REPERTORIO E TRAMA ... per dieci minuti al giorno di lettura e scrittura:

 In quale occasione hai provato la sensazione di essere "periegeta", cioè viaggiatore che "fa parlare ciò che vede"?

Scrivi quattro righe in proposito…

   E allora, veniamo al dunque: se noi conosciamo la storia di Pelope, lo dobbiamo all’opera di Pausania e la sua Ellados peri egesis, la guida. il viaggio in Grecia. Che cosa ci racconta Pausania – attraverso frammenti, che devono essere ricostruiti, come in un puzzle – della storia di Pelope e dei Pelopidi? Guardate, prima di "raccontare", Pausania si fa una domanda importante e, con lui, ce la facciamo anche noi: è giusto, è lecito, è conveniente raccontare l’abominevole, il riprovevole? Si esorcizza il male raccontando l’abominevole, l’orrore?
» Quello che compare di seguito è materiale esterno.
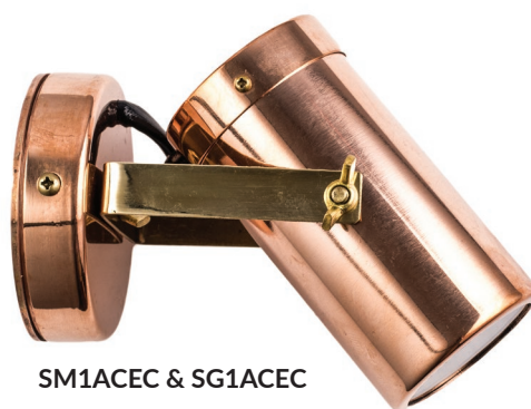
SM1ACEC & SG1ACEC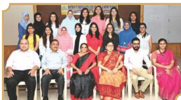
Department of Psychology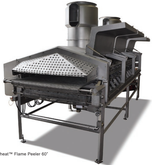
Afoheat™ Flame Peeler 60"

This patented process for flame peeling onions provides a 5 log reduction in Listeria innocua . Rather than using traditional methods of "top" and "tailing" onions, this method uses flame to burn off the outer thin layers without damaging the meaty layers, resulting in approximately 3% yield loss. The result, a surface pasteurized product with minimal yield loss.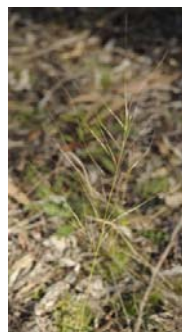
Austrostipa scabra ssp. falcata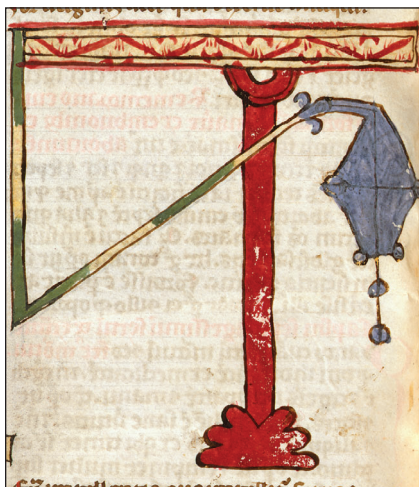
Fig. 2: Vaginal speculum. From a 14th-century Latin copy of al-Zahrawi's Surgery .

upside-down, with the blades being mistakenly depicted as a decorative bar. The 6-lobed shape at the foot of the illustration, which ought to be the screw, clearly had no mechanical function. The lantern-shaped device suspended at the right misrepresents the scalpel, which has now been integrated into the speculum. 7,8 Such distortions show that, in the 14th century, the Western world had much to learn from the physicians of the Islamic world.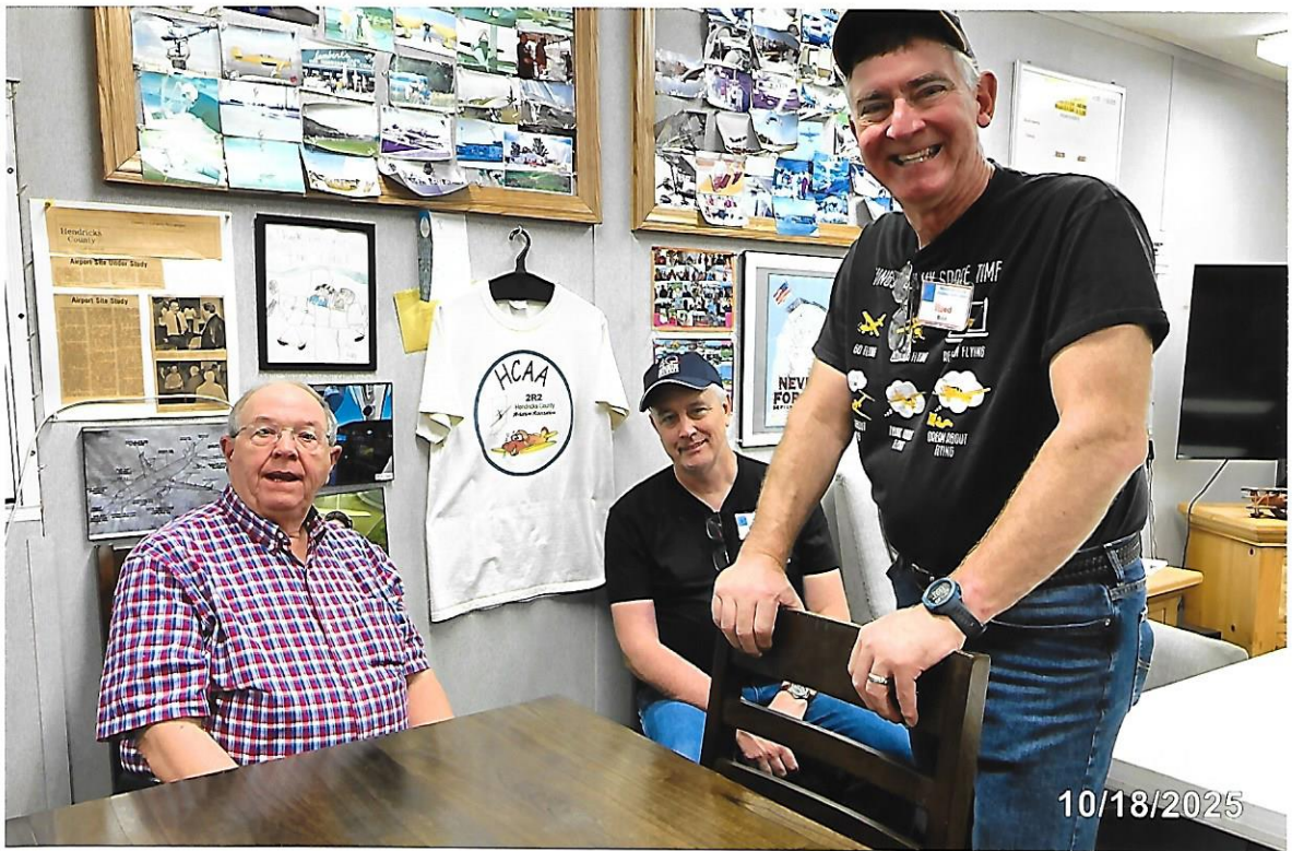
Several more "waiters"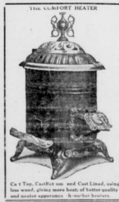
Cast Top, Cast Bottom and Cast Lined, using less wood, giving more heat of better quality and neater appearance than other heaters.

A Rightly Built Stove Will Save Its Price in Heat Efficiency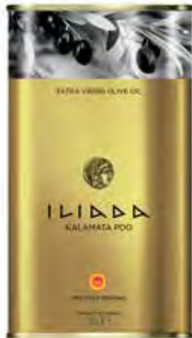
KALAMATA PDO Net Content: 3L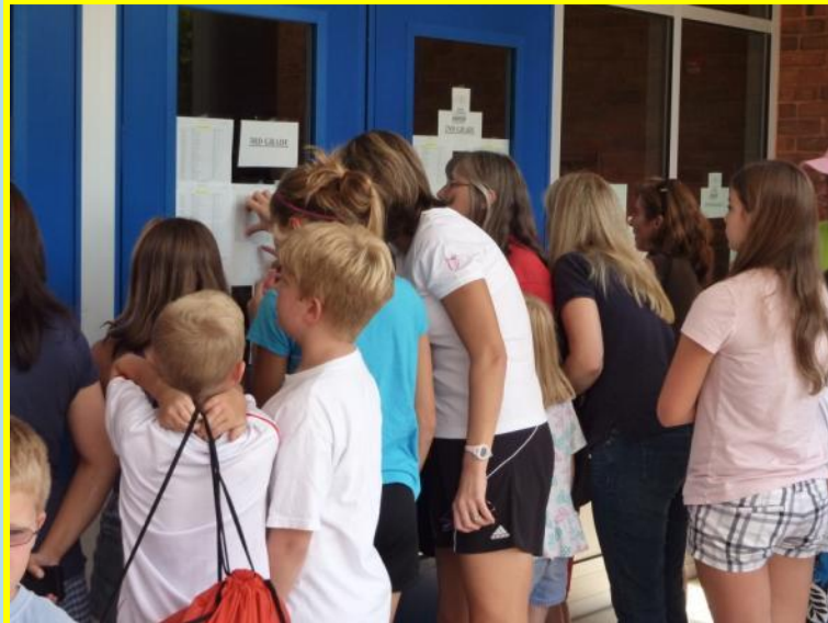
Parents & students eagerly search the class lists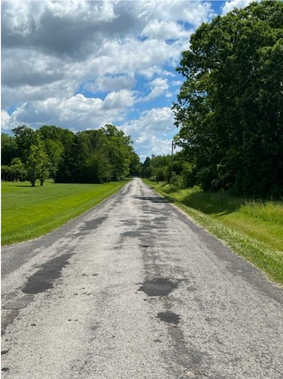
Fig.3-Roland Road between Balfour Street and Cream Street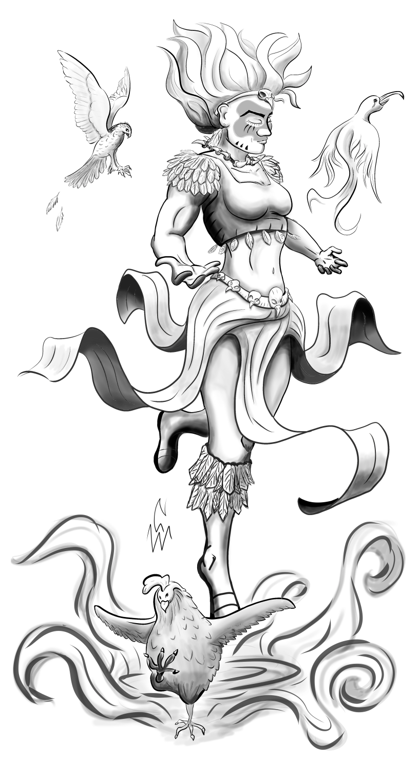
7 — 13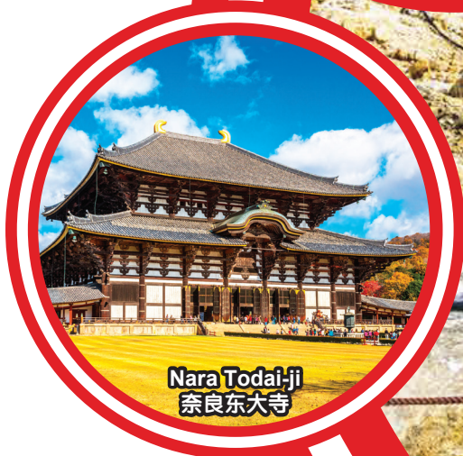
Nara Todai-ji 奈良东大寺

行程次序，以当地旅社安排为准。 Sequences of Itinerary are subject to local arrangement.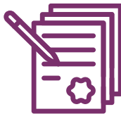
Entry - Mid: Paralegal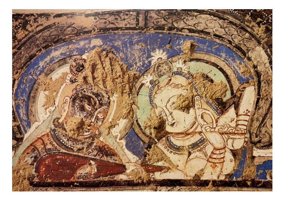
Figure 11 . Kizil Cave 38, east lateral wall topmost section, Two Heavenly Musicians, detail.

Monika Zin in the last twenty-five years more than once has expressed staunch support for the traditional German chronology, which she still supports. In a 2013 presentation at Kyoto University, she stated: "Gandhara—Kucha—Turfan: this is the sequence which indicates the flow of artistic representations from India to China," which can be interpreted to affirm that Kucha might have acted merely as a transit area rather than as an independently creative one.<sup>54</sup> Zin also considers the possibility that Gandharan paintings, whose problematic survival is discussed above, might have been a model for Kucha's. She does agree with Schlingloff that Kucha is dependent on Ajanta, if seen from the perspective of their painting arrangements: "The planned narrative program, representing certain scenes in certain spots, connects Kucha much more with the non-linear representation of India."<sup>55</sup> In a 2013 Kyoto University presentation, Zin also referred to chronology: "Notwithstanding the similarities with Ajanta or the dissimilarities with Gandhara, many scholars tend to date Kizil quite early, immediately following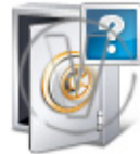
Bank Vault Help.png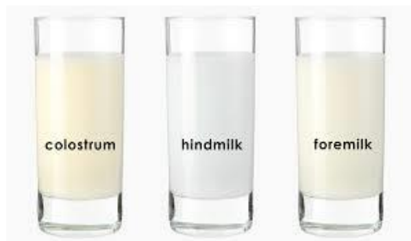
Figure 1. Breast Milk Color

The color in breast milk is not always the same as described in Figure 1. that colostrum is yellowish and thicker because it contains high protein and vitamin A, besides colostrum also contains immune substances which are important to protect babies from infectious and bacterial diseases. Fat-soluble vitamins are higher than mature breast milk. Breast milk released at the first time the milking / pumping process will look "thinner" than the milk released in the next minutes called foremilk (because it is rich in protein) the color tends to be bluish clear white. While the milk that comes out a few minutes later will look thicker, also called hindmilk (rich in fat) in thick white.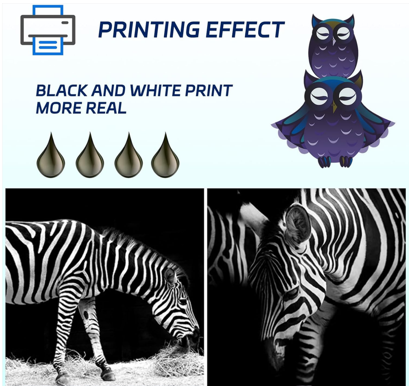
Image 5.1: Example of black and white print quality achieved with the toner cartridge.

The cartridge ensures sharp and clear black text and images. For best results, ensure your printer settings are configured for black and white printing.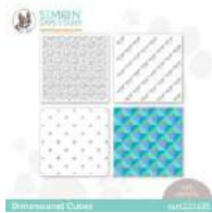
Simon Says Stamp Stencils DIMENSIONAL...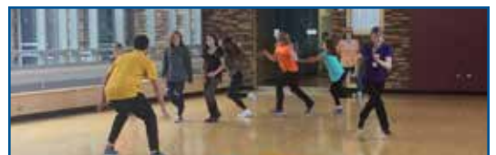
FITKids in SOAR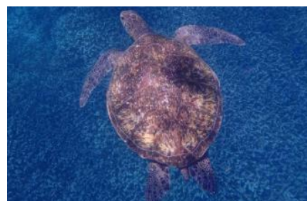
Endangered Green turtle (Chelonia mydas) in Moreton Bay

Although Green turtles show a recent increase in numbers in Moreton Bay, most turtle species in the Bay are in decline or poorly understood. Most threats, such as plastic ingestion, coastal development and sedimentation, exposure to toxic pollutants, sea level rise, and temperature increase, are likely to worsen in the decades ahead - including in Moreton Bay. Hence, the 'Condition trend' for sea turtles is rated as 'Declining' with 'High' confidence. There is also a substantial risk to the condition trend for Moreton Bay turtles from sedimentation and toxic pollutant impacts. This is due to (i) the large-scale coastal development surrounding the Bay and turtles' dependence on benthic communities for food. These impacts were evidenced after the 2011, 2012 and 2021/22 floods, which led to large sediment load inputs, followed by substantial seagrass loss and major impacts on the epifaunal and infaunal communities on which sea turtle species rely. Hence, the contribution of sedimentation to this condition trend is likely to be 'Moderate' within the Bay, diluted to an extent by the broader suite of other significant impacting factors.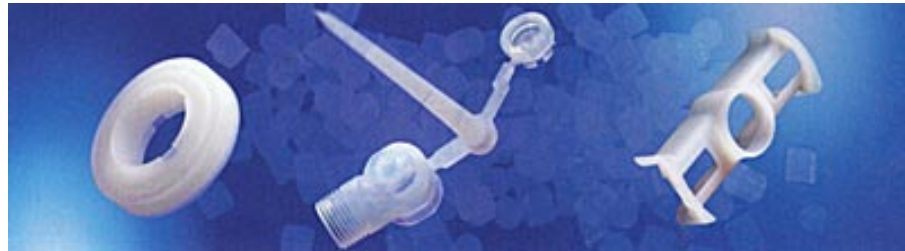
Injection-molded parts from Moldflon

The PTFE "Moldflon," which is suitable for thermoplastic processing, allows seals to be injection-molded. New degrees of freedom with regard to shaping enable complex assembly component geometries to be achieved. In the past, such geometries could only be manufactured by means of complex cutting or machining processes. In addition, the material offers benefits like improved cold flow and lower wear.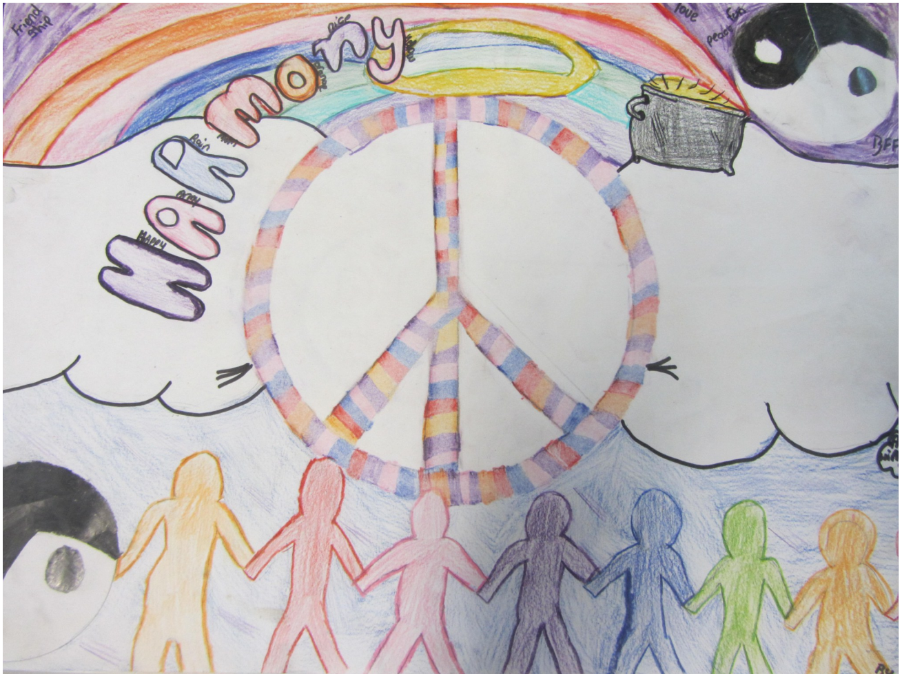
Poster by Shyanne acknowledging the importance of friendship no matter what our differences - to celebrate our differences!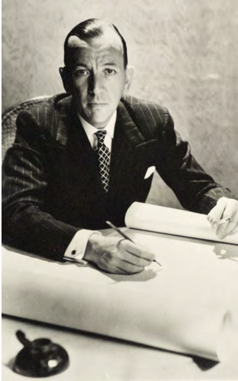
Noël Coward at his writing desk

Born in 1899, Noël Coward was raised as a working class boy in the London suburb of Teddington. His father was an unsuccessful piano salesman and was said to have little personal ambition, often resulting in poor family finances.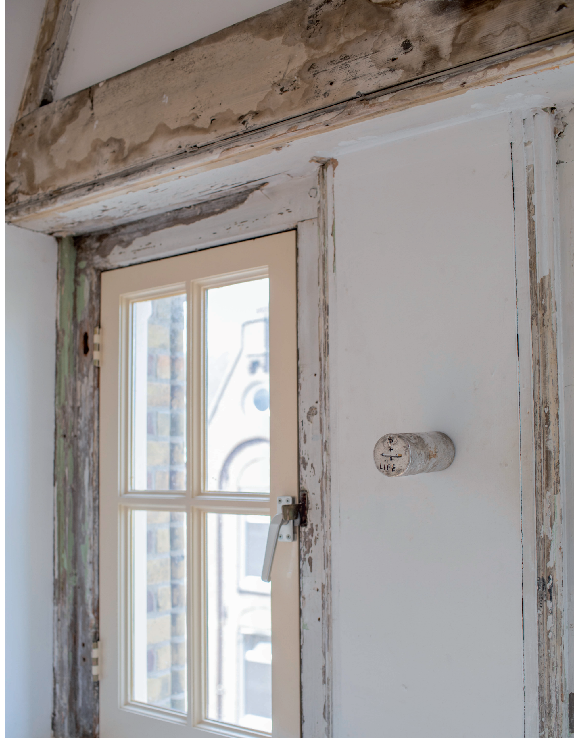
15. Selma Selman. Painting on metal . 2020/2021. Acrylic paint on scrap metal. 5 cm x 12 cm.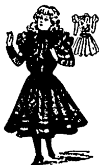
1375—GIRLS' DRESS. Size 6, 8, 10, 12 years.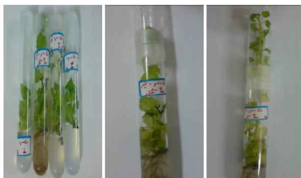
A-Day treatment B- Ten days after treatment C- One month after treatment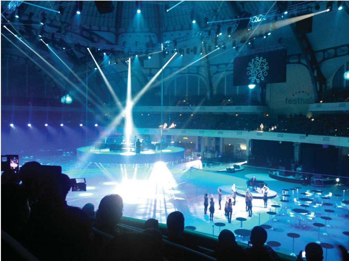
Copyright 2016 Japanese Standards Association. All Rights Reserved.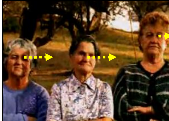
The three visitors turn to look...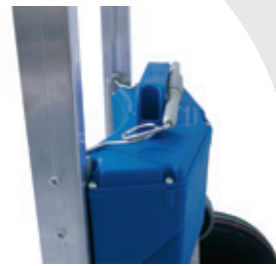
Battery pack retention arm Keeps the battery in place on bumpy ground. Part No. 930 140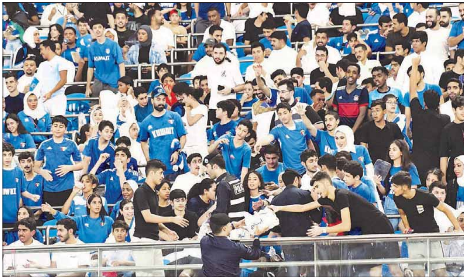
Fans getting help from the security personnel during the Kuwait-Iraq World Cup qualifying match at the Jaber Stadium in Kuwait.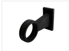
Rubber base, Straight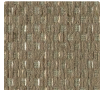
WC962-010 Blue Heron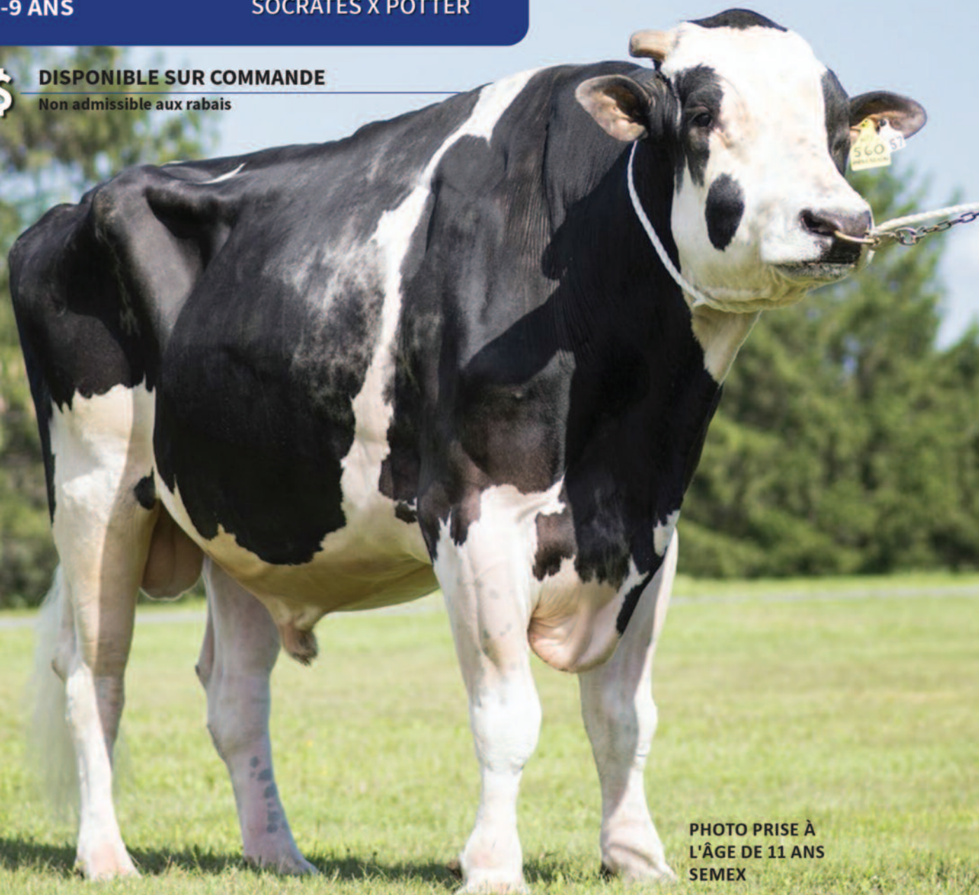
PHOTO PRISE À L'ÂGE DE 11 ANS SEMEX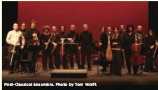
Post-Classical Ensemble.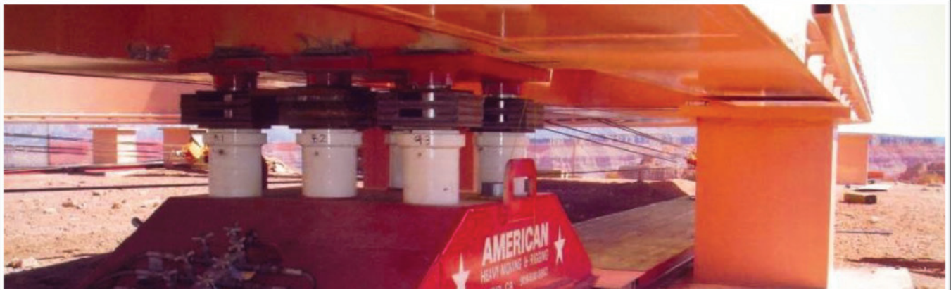
The jacking & rigging technique was used to place the Grand Canyon Skywalk with precision placement and lift

Utilizing advanced technology and techniques we have perfected the art of safe and efficient heavy haul transportation. The key to safe transport is eliminating unnecessary steps and movement, thus keeping cargo secure.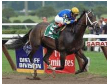
Ashado, last year's $9-million record topper at Keeneland

5,026 CATALOGED FOR KEENOV Keeneland announced yesterday that it has cataloged 5,026 for its annual November Breeding Stock Sale, set to run 14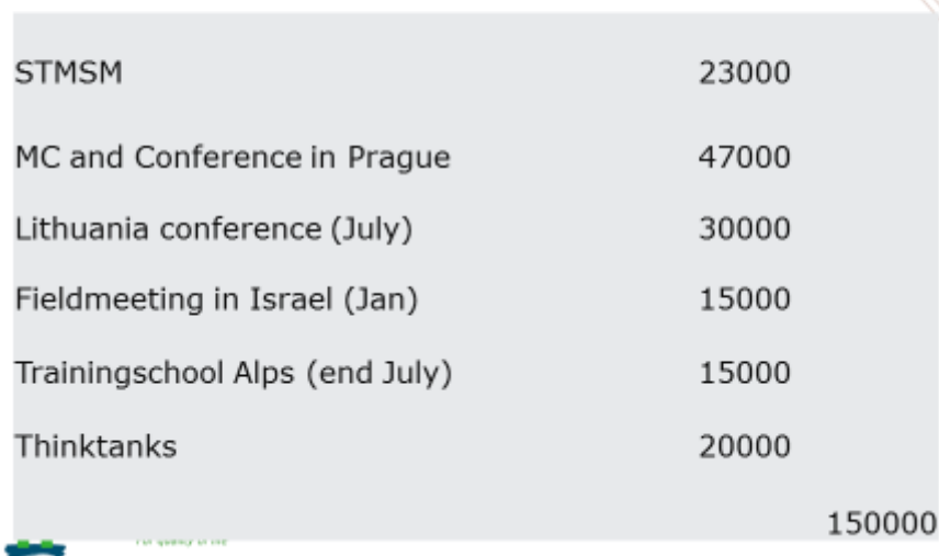
Figure: The preliminary budget for year 3

The global planning for year 3 was unanimously accepted by all present members of the MC.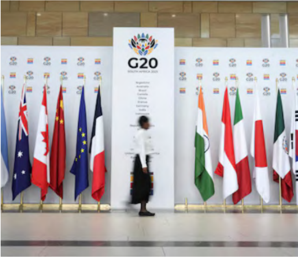
▲ A woman walks at the Cape Town International Convention Centre during the G20 Finance Ministers meeting in Cape Town, South Africa.

Afrikaners are subjected to oppression. “The claim that this community faces persecution is not substantiated by fact,” the ministry said, adding that South Africa’s past of racial inequality gives it the experience to help the world tackle divisions through the G20 platform. “Our nation is uniquely positioned to champion within the G20 a future of genuine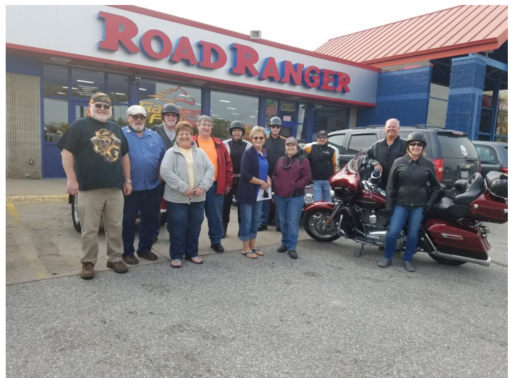
Time to leave Cedar Falls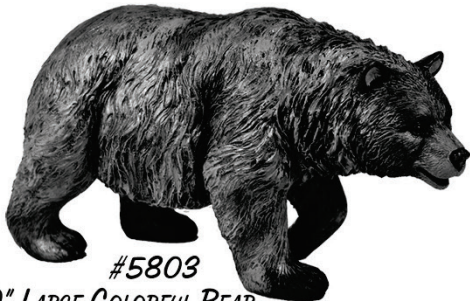
#5803 10" LARGE COLORFUL BEAR

REPERTORIO E TRAMA ... per dieci minuti al giorno di lettura e scrittura:

Quale altra parola ti fa venire in mente la parola: abominevole?

Scrivi quattro righe in proposito…

   Il racconto mitico, la rapsodia epica – si domanda Pusania – nasce come fosse un vaccino per prevenire il male? Quale risposta si dà Pausania, in proposito? Egli si dà una risposta rifacendosi alla tradizione – che ai suoi tempi è un po’ trascurata – del genere letterario della tragedia: i grandi tragediografi Eschilo, Sofocle, Euripide hanno utilizzato l’abominevole, il riprovevole, il senso dell’orrore per stimolare una riflessione, nella società della polis, sul problema del "male", della "natura del male". Pausania scrive: "In fin dei conti i più grandi monumenti della nostra cultura (greca) sono i testi delle tragedie, la produzione più raffinata della nostra cultura è la tragedia, e alla tragedia, nella polis, era affidato un forte valore etico e formativo". Difatti, nelle vicende narrate sulla scena – mentre viene rappresentata una tragedia – si esprimono, in modo esemplare, le nozioni sulle quali è necessario che i cittadini riflettano. Pensate che nella polis il teatro è uno degli elementi fondamentali e costitutivi: con l’agorà (la piazza), con l’acropoli, con il tempio. Pensate che nella polis, di 2500 anni fa, il cittadino, non solo non comprava il biglietto per andare a teatro, ma veniva pagato perché partecipasse al rito della tragedia, alle rappresentazioni. La città-Stato favoriva la generale partecipazione a teatro con "gettoni di presenza" e la tragedia era l'unica occasione sociale alla quale partecipassero anche le donne e gli schiavi.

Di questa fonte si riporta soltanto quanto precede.